9. A scene classification device, applied to a touch system, comprising: The data preprocessing module is used to preprocess scene data using data augmentation technology to generate training scene datasets and test scene datasets. The model training module, coupled to the data preprocessing module, is used to provide the training scenario dataset to the neural network model for deep learning training.

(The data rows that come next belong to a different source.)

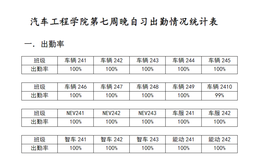 【督学正风】台湾成人片 2024-2025学年第一学期第七周早自习出勤情况
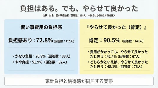一方で、やらせたことへの評価は良かったが90.5%(143人)と高く、家計負担と満足感が同居する実態が見えてきました。
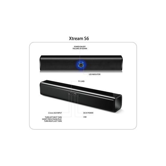 The Adesso Xtream S6 is a high power Bluetooth desktop sound bar speaker, featuring bass subwoofer technology. Immerse yourself in the rich sound of music, movies, and games as this speaker system is integrated with dual 10W speaker units that deliver mind blowing stereo sound. Suitable for home, office, and school. It is also a perfect gift for friends and family.
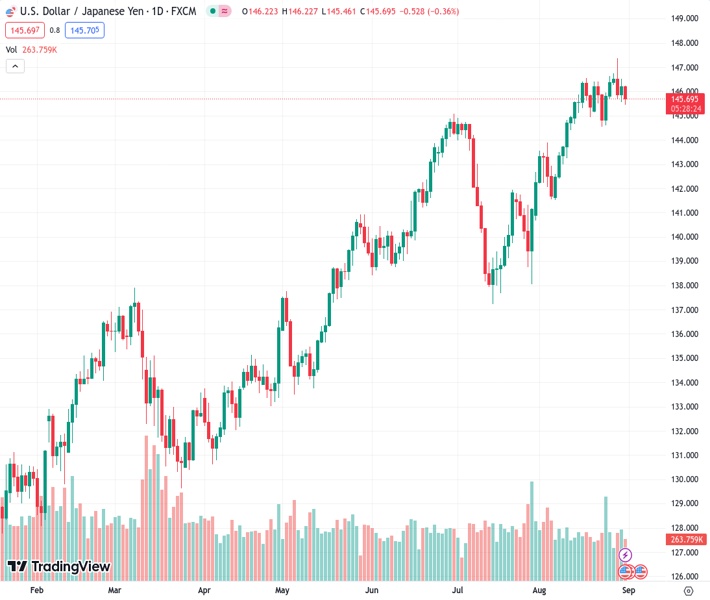 USDJPY currently trading at 145.58 at the time of writing. Pair opened at 146.24 and is trading with a change of -0.45 % .
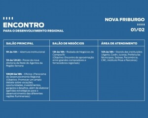 O município de Nova Friburgo recebe, nesta terça-feira (1º /2), a partir das 9h, no Sesc Nova Friburgo, o Encontro para o Desenvolvimento Regional promovido pela Secretaria de Desenvolvimento Econômico, Energia e Relações Internacionais do Governo do Estado do Rio de Janeiro.
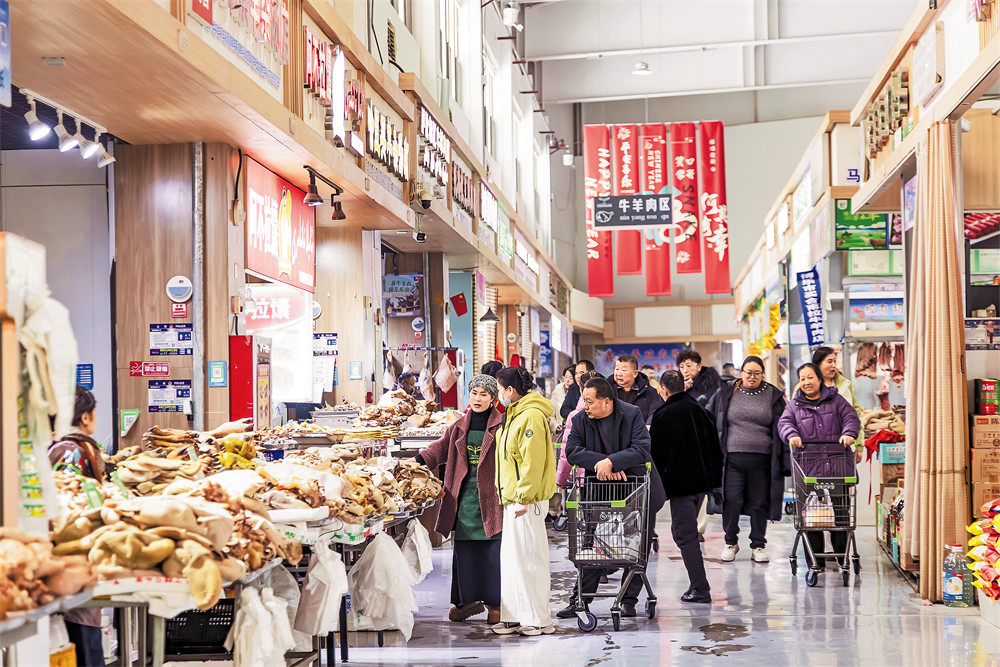 进入农历腊月后,市场里挂满了喜庆的红色装饰,各区域人头攒动,各类年货琳琅满目、供应充足,呈现出购销两旺的红火景象。 (记者楠登 摄)
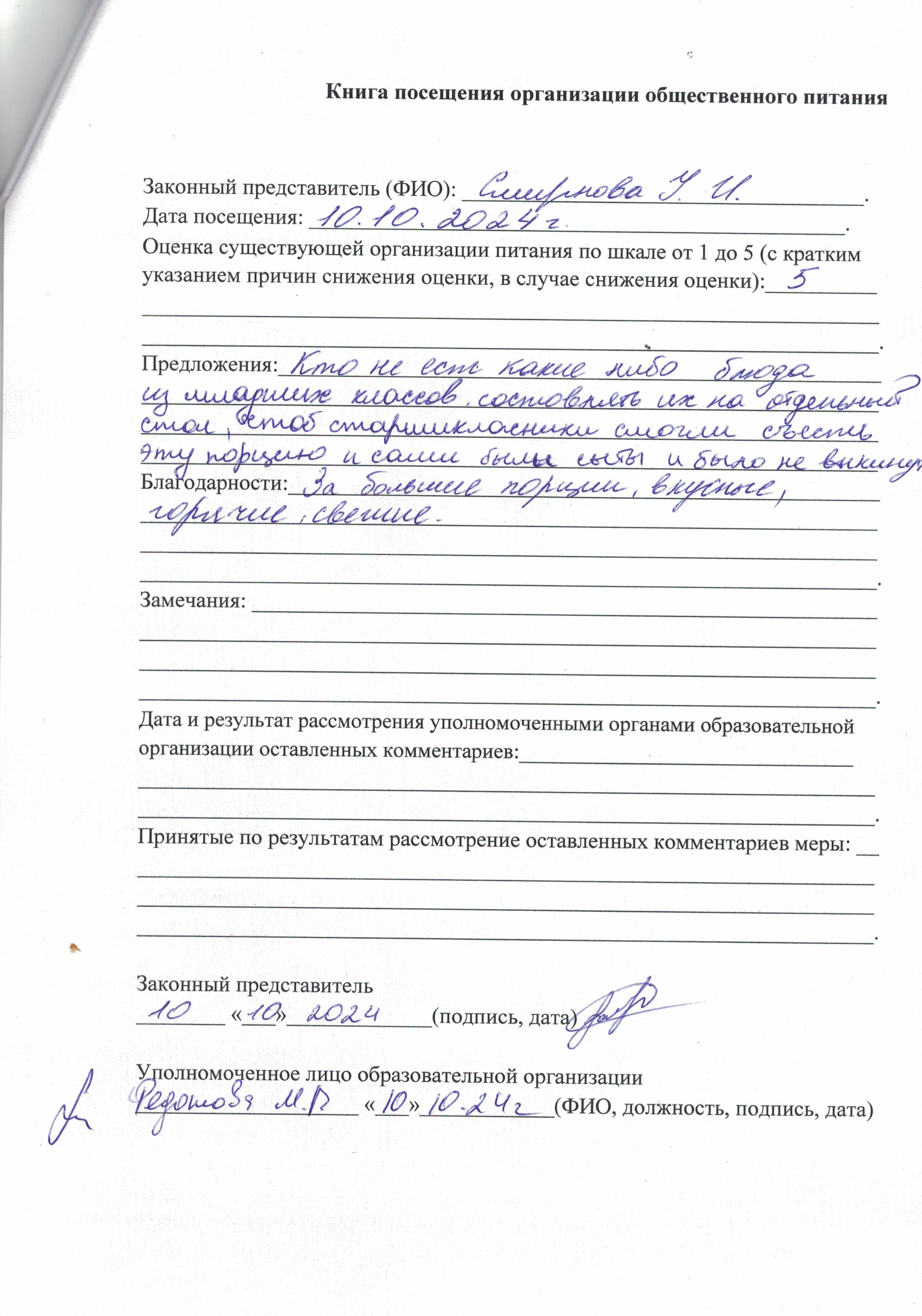 10 октября 2024 года в школе был осуществлён родительский контроль организации горячего питания обучающихся. Смирнова У.И., мама учащихся 4,7 класса проверила соответствие приготовленных блюд утверждённому меню, сняла пробу приготовленных блюд. Замечаний к организации питания детей нет.
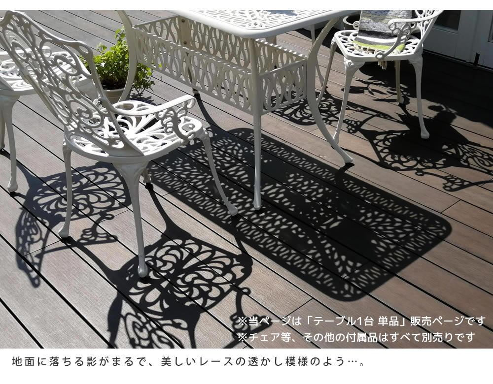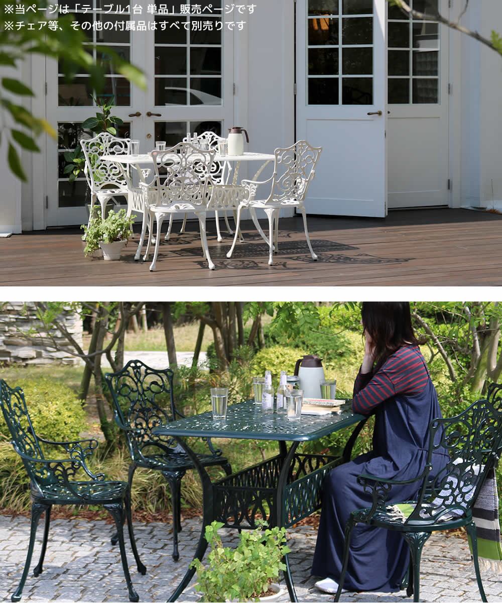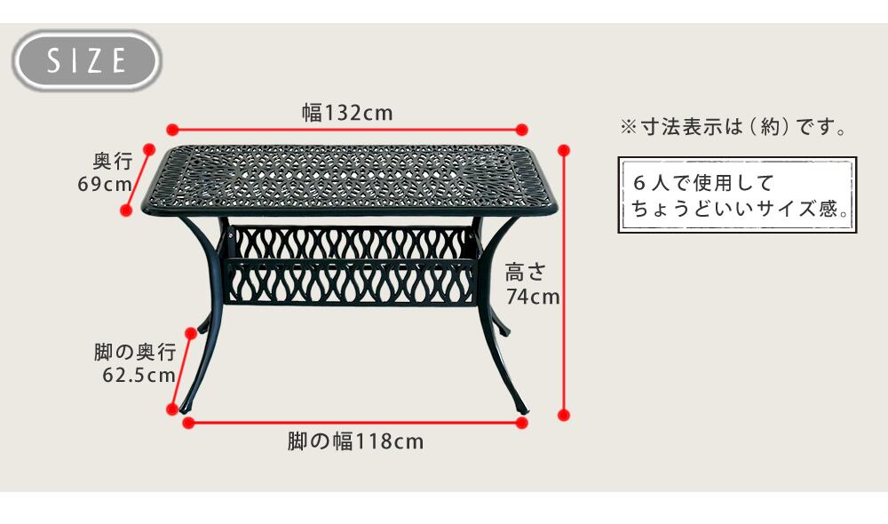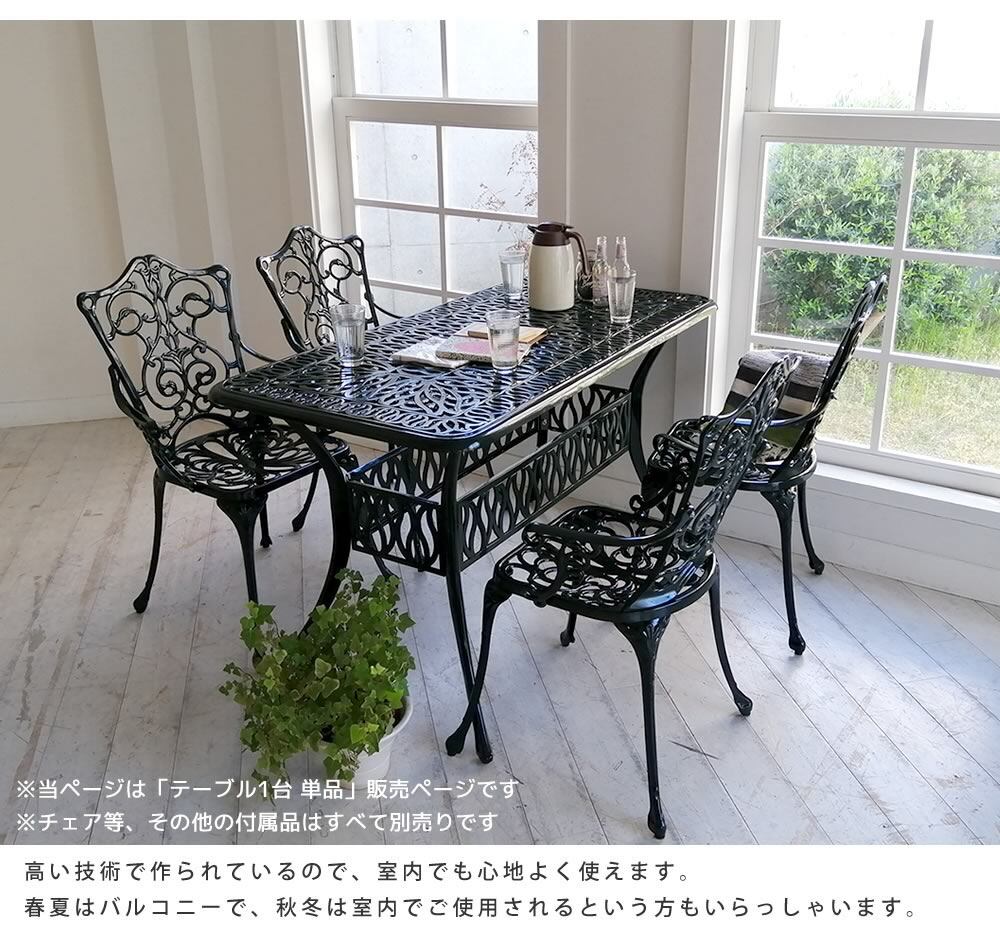 緻密で格調高い見た目ですが、アルミ製なので軽く、扱いやすい幅132cm、奥行69cmのガーデンテーブル1台単品です。

The model inference module, coupled to the data preprocessing module and the model training module, is used to provide the test scenario dataset to the trained neural network model for scenario classification inference, so as to evaluate the accuracy of the neural network model in judging the operation scenario. as well as The data frame filtering module, coupled to the model inference module, is used to apply an unspecified data frame filtering mechanism to the neural network model in order to reduce the weight of the neural network model.

10. The scene classification device according to claim 9, wherein the data augmentation technology is a horizontal flipping technology, a vertical flipping technology, or a horizontal and vertical flipping technology.

11. The scene classification apparatus according to claim 9, wherein when the neural network model is trained, the model training module further extracts features of different scenes from the training scene dataset to adjust the model parameters of the neural network model.

12. The scene classification device according to claim 9, wherein when the model inference module determines that the operation scene is a specific operation scene through the neural network model, the touch system enters a specific operation mode corresponding to the specific operation scene.

13. The scene classification device according to claim 12, wherein when the model inference module determines through the neural network model that multiple consecutive frames are the specific operation scene, the touch system will enter the specific operation mode corresponding to the specific operation scene.

14. The scene classification device according to claim 12, wherein the specific operation scene is a finger operation scene, a water mist operation scene, a water flow operation scene, or an NFC charging scene, and the specific operation mode is a finger operation mode, a water mist operation mode, a water flow operation mode, or an NFC charging mode.

15. The scene classification apparatus according to claim 14, wherein the model training module also provides the difference between two consecutive frames in the NFC charging scene to the neural network model.

16. The scene classification device according to claim 14, wherein when the specific operation scene is too complex, the model training module also provides the difference between the two consecutive frames and the data after moving average to the neural network model.